AIM OF THE EXERCISE:
Everything in the records below from the line containing "A KOSZORUKAT KÖTÖTTÉK" through the line containing "Зберігайте повний контроль" is to be reproduced exactly, those two lines included; no picture is to be copied.

MATERIAL SUPPLIED:
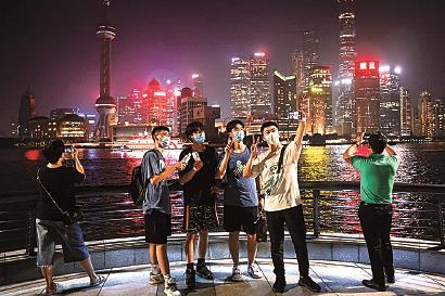 幾位大學(xué)生特地趕來見證暫停開放景觀照明的浦江兩岸。
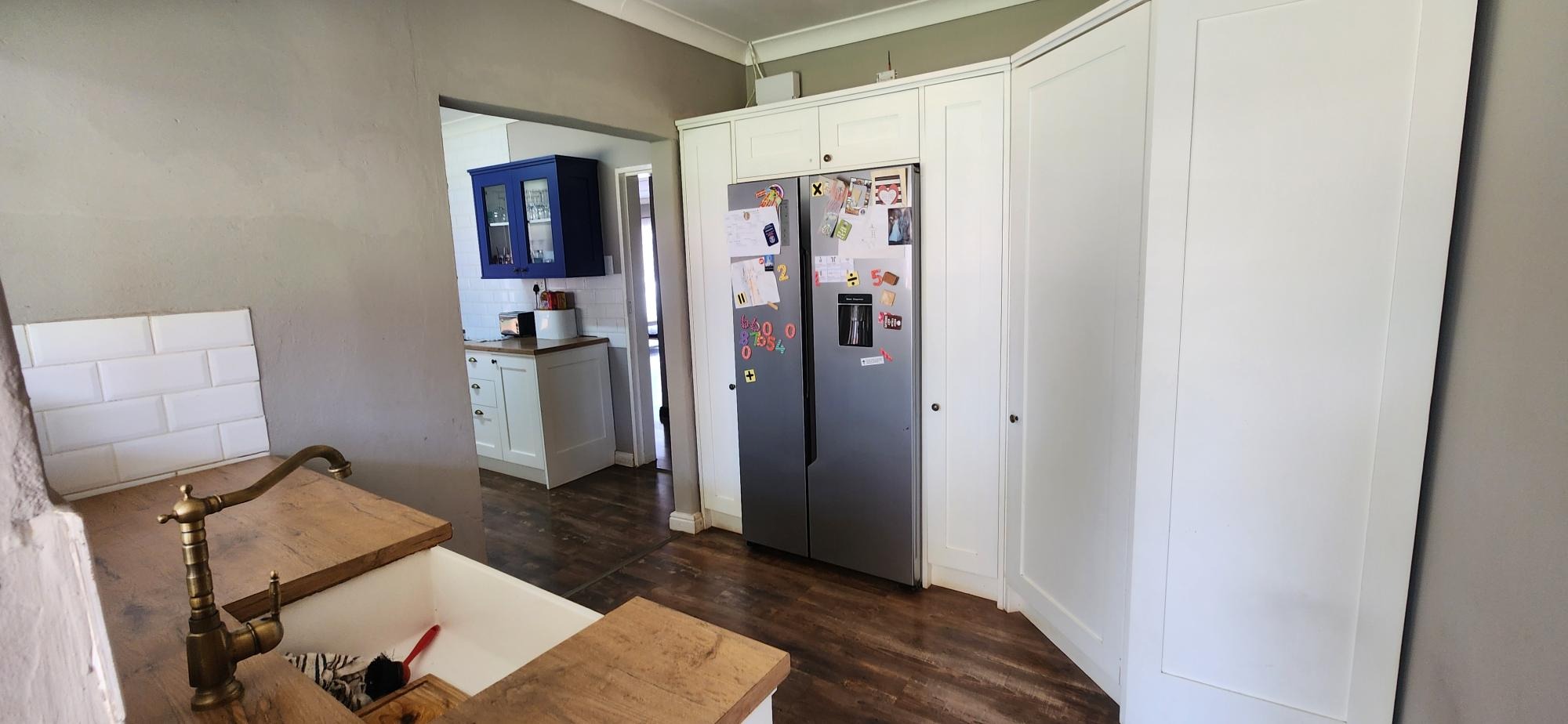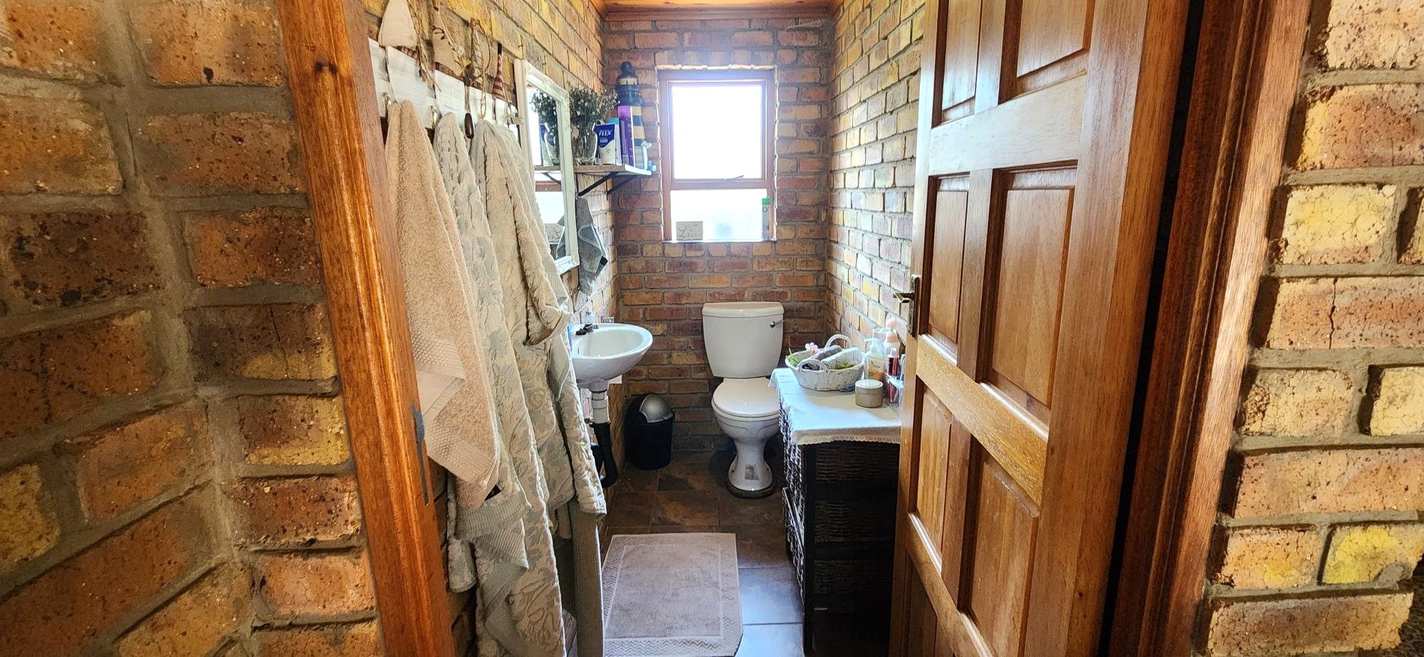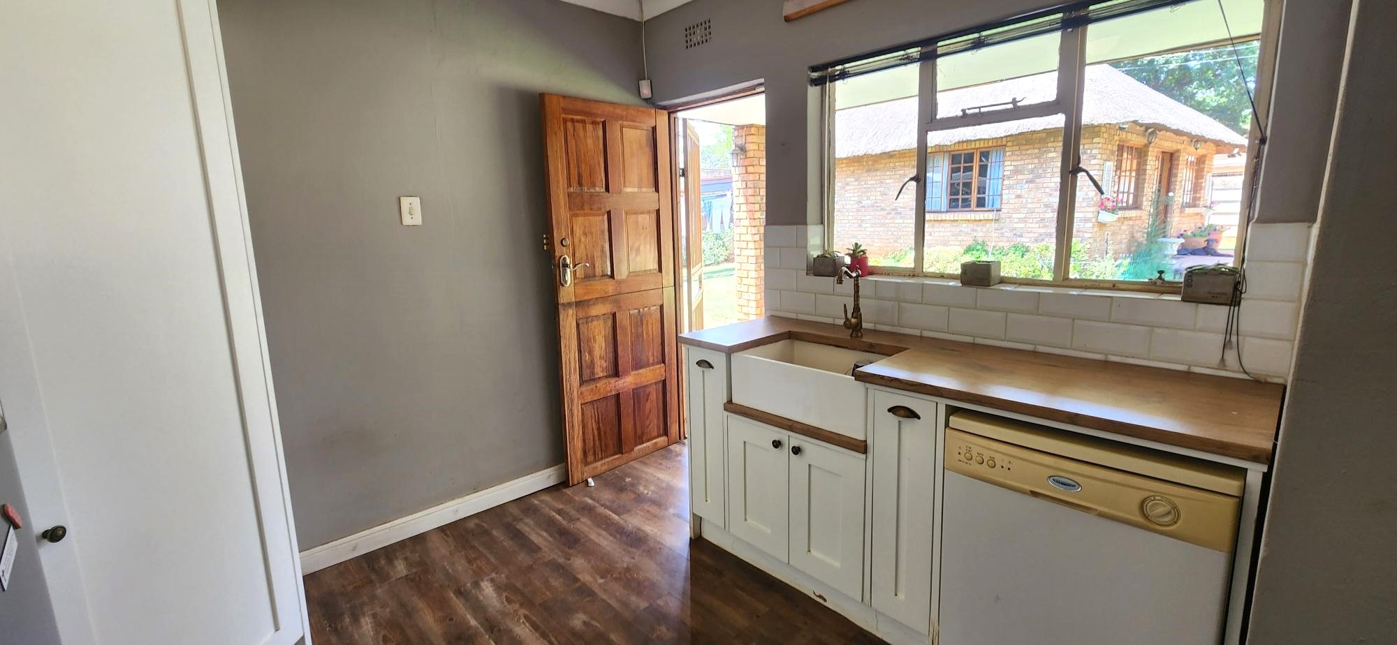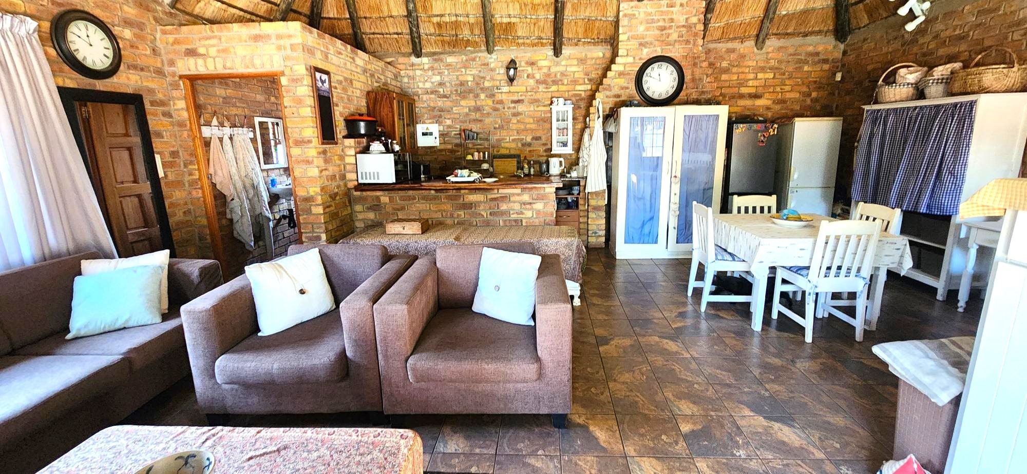 Inside, the home offers a unique blend of rustic charm and functional design. The open-plan living area, characterized by exposed brick walls and a distinctive thatched roof, seamlessly integrates a lounge, dining space, and a rustic kitchen. This versatile area benefits from natural light and direct outdoor access through large French doors, creating an inviting atmosphere. The kitchen, while rustic, is well-equipped with wooden countertops and space for various appliances.
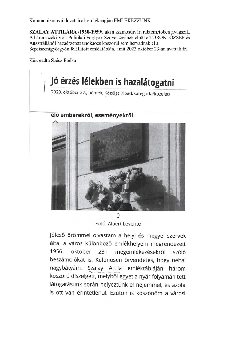A KOSZORUKAT KÖTÖTTÉK ÉS TISZTELEGTEK SIRJUK ELŐTT BALOGH Mónika és Munkatársai
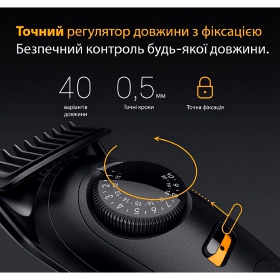 Зберігайте повний контроль з кожним підстриганням завдяки технології PrecisionLock та точному коліщаті з 40 налаштуваннями довжини з кроком 0,5 мм.
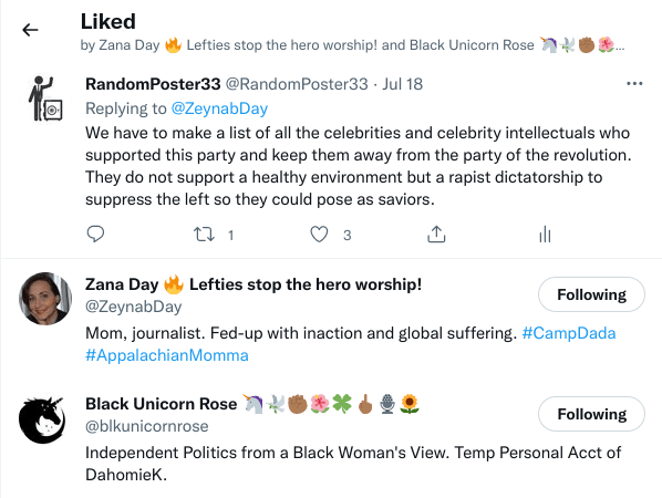 Zeynab Day, Former Executive Director of Movement for a People´s Party, Likes Democratic Power Faction Tweet
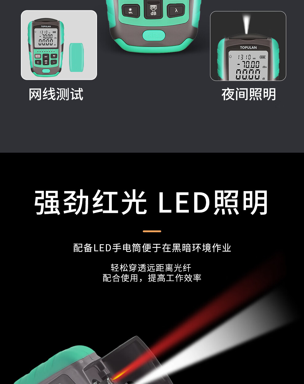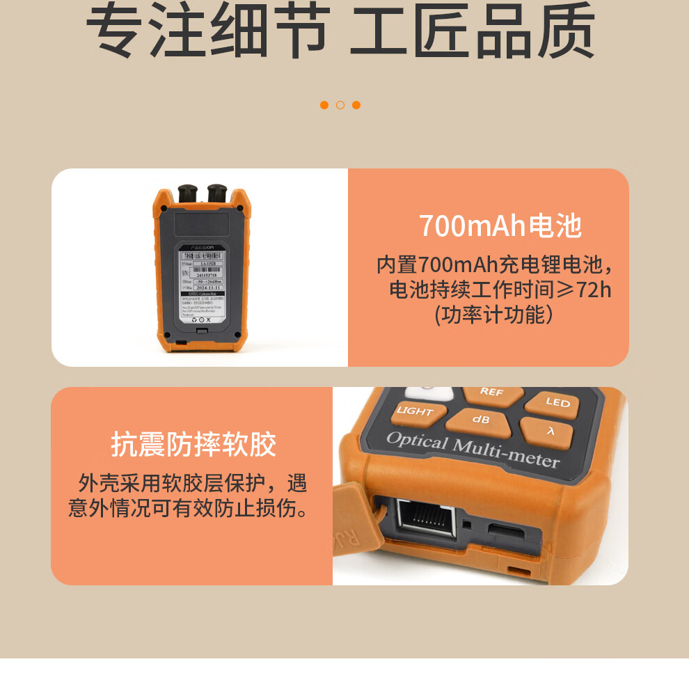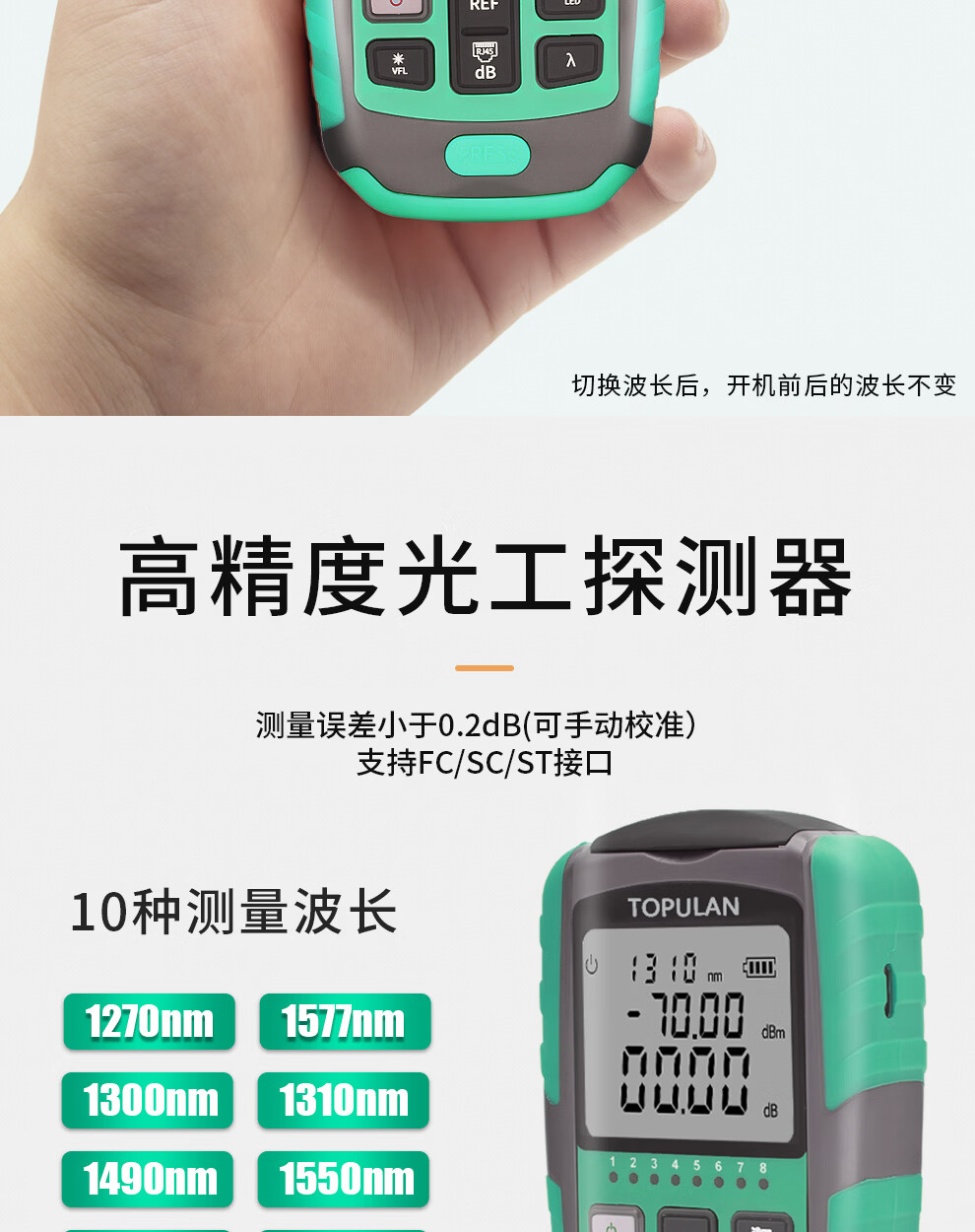 Optical power meter red light all-in-one machine 1577 receiver mini tester optical fiber red light pen lithium battery with network cable sequencing charging high-precision fiber optic tester light attenuation 8 wavelength battery model independent optical power A model without red light (-70~+6)
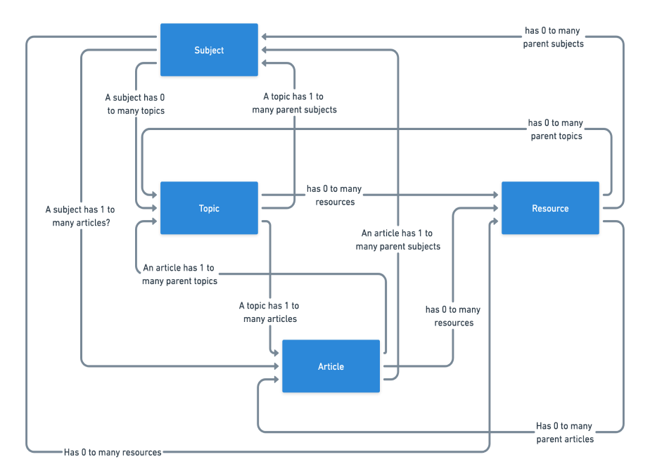 How do guides connect to subjects? Should articles link directly to resources? Establishing these relationships helped structure the content in a way that made sense to users.
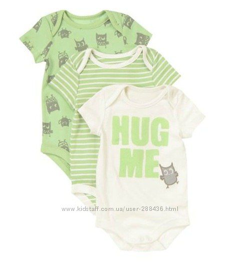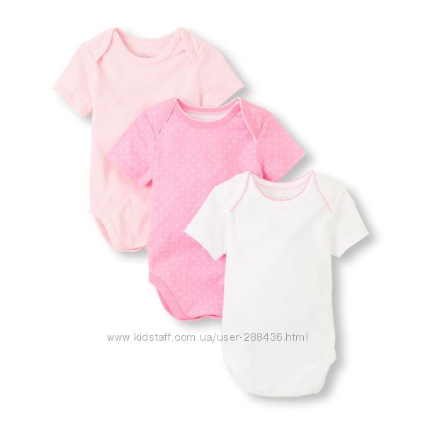 3) бодики с коротким рукавом. Изготовлены из 100% хлопка джерси. Сhildrensplace. Размер 9-12 мес. Цена 80грн один бодик. Остался белый
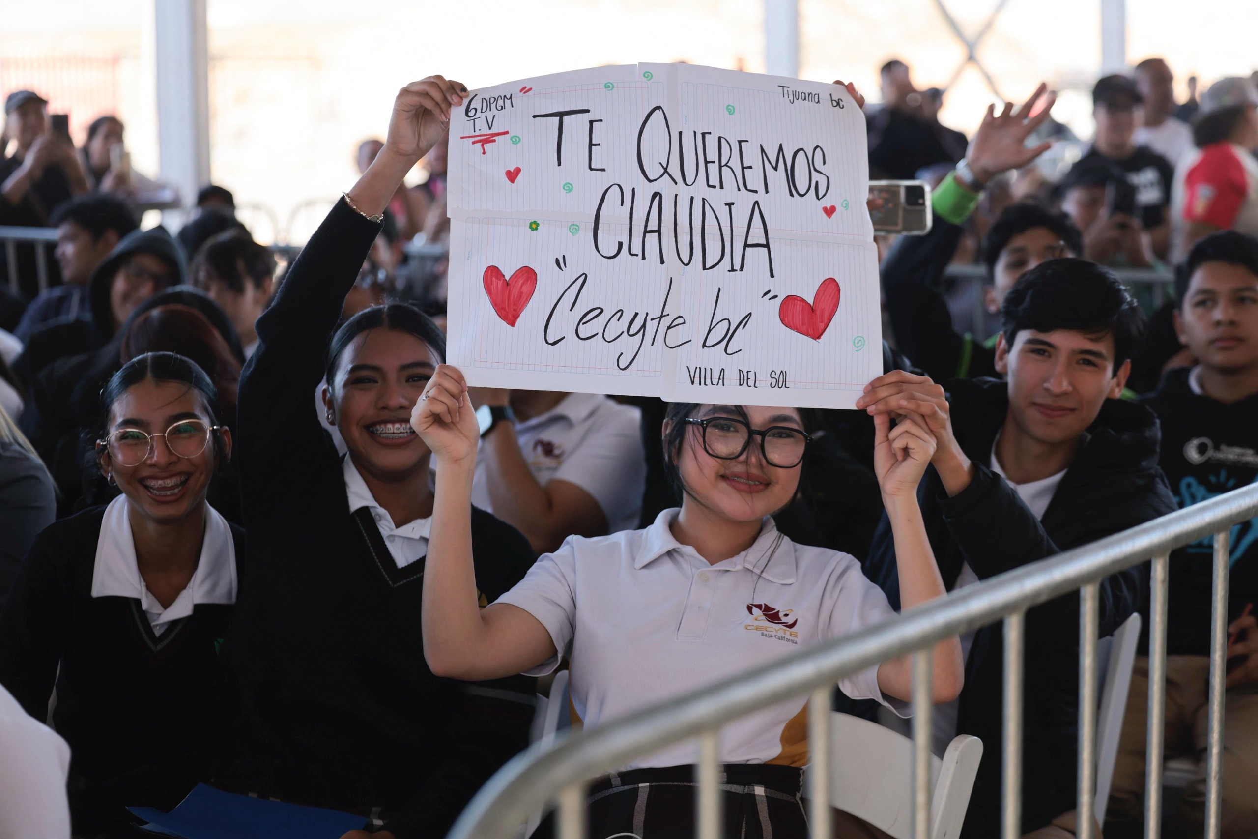 * “Las y los jóvenes de Tijuana tienen derecho a la educación superior en la Universidad Nacional Rosario Castellanos; y así como aquí en Tijuana, vamos a abrir más preparatorias, más universidades”, destacó
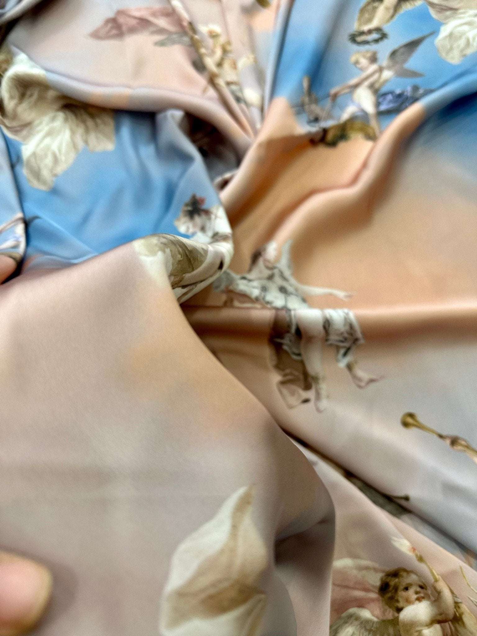 Angel Print Sky Blue Fabric – Custom Printed Fabric, Choose Material by Metre
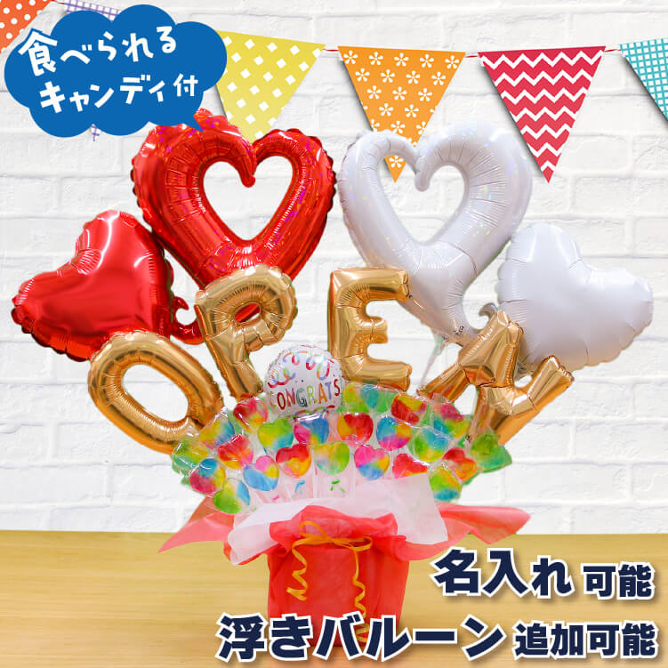 開店祝いのOPENバルーン電報開店やオープンをお祝いするバルーン・キャンディーブーケです。店舗や事務所へお贈りする開店祝いのプレゼントやオープン記念のギフトにはバルーン電報がおすすめです。食べられる本物の...

ANSWER TO THIS PROBLEM:
A KOSZORUKAT KÖTÖTTÉK ÉS TISZTELEGTEK SIRJUK ELŐTT BALOGH Mónika és Munkatársai
 Зберігайте повний контроль з кожним підстриганням завдяки технології PrecisionLock та точному коліщаті з 40 налаштуваннями довжини з кроком 0,5 мм.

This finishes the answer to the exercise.